Impact of orthogeriatric assessment on mortality in patients with periprosthetic hip fractures: a prospective study
Gianluca Canton, Andrea Marchetti, Andrea Sandrin, Belinda Trobec, Alex Buoite Stella, Paolo De Colle, Michela Zanetti, Luigi Murena, Chiara Ratti

TL;DR
This study shows that orthogeriatric assessments can predict mortality in elderly patients who have hip fractures near artificial joints.
Contribution
The study identifies specific orthogeriatric scores as predictors of mortality in patients with periprosthetic hip fractures.
Findings
Six-month and one-year mortality rates were 23.1% and 22.5%, respectively.

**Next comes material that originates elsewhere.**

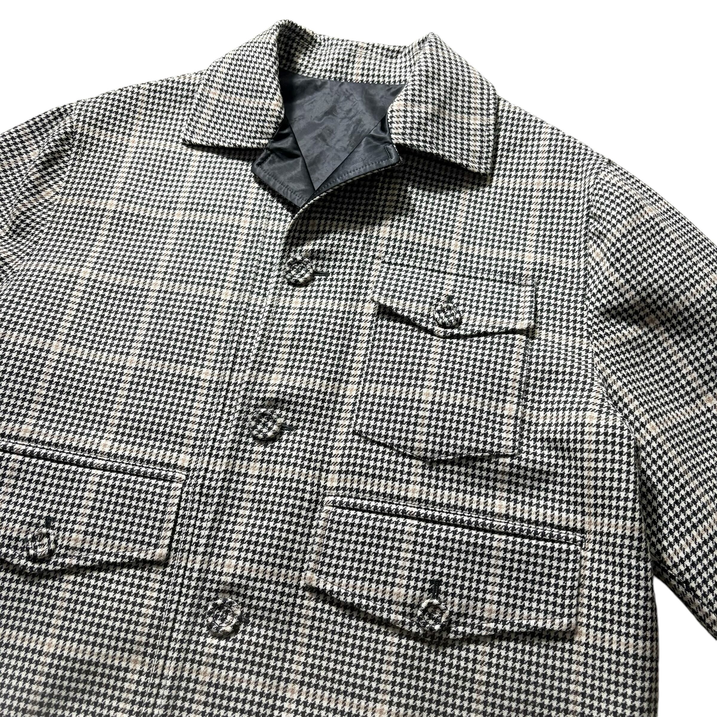 三つポケ千鳥柄ウールブルゾン。

Poorer nutritional status, lower cognitive performance, and reduced functional independence were strongly linked to higher mortality.

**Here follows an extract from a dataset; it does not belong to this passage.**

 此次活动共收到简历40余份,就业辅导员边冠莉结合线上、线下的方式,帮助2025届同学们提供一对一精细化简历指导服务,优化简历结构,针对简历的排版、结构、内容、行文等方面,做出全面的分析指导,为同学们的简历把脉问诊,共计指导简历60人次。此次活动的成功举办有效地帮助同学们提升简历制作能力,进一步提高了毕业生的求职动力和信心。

Higher Nottingham Hip Fracture Scores also correlated with increased mortality.
Abstract
Periprosthetic hip fractures (PPHF) are a serious and increasingly frequent complication of hip arthroplasty, associated with significant morbidity and mortality in older adults. To investigate the association between orthogeriatric assessment scores and six-month and one-year postoperative mortality in elderly patients undergoing surgery for PPHF. A prospective registry of patients aged ≥ 65 years treated surgically for PPHF at Trieste University Hospital was analysed. Clinical, radiographic, and perioperative data were collected. Orthogeriatric scores, including the Mini Nutritional Assessment – Short Form (MNA-SF), Short Portable Mental Status Questionnaire (SPMSQ), Activities of Daily Living (ADL), Charlson Comorbidity Index (CCI), Parker Mobility Index, and Nottingham Hip Fracture Score (NHFS), were recorded on admission and at follow-up. Univariate analyses were performed to…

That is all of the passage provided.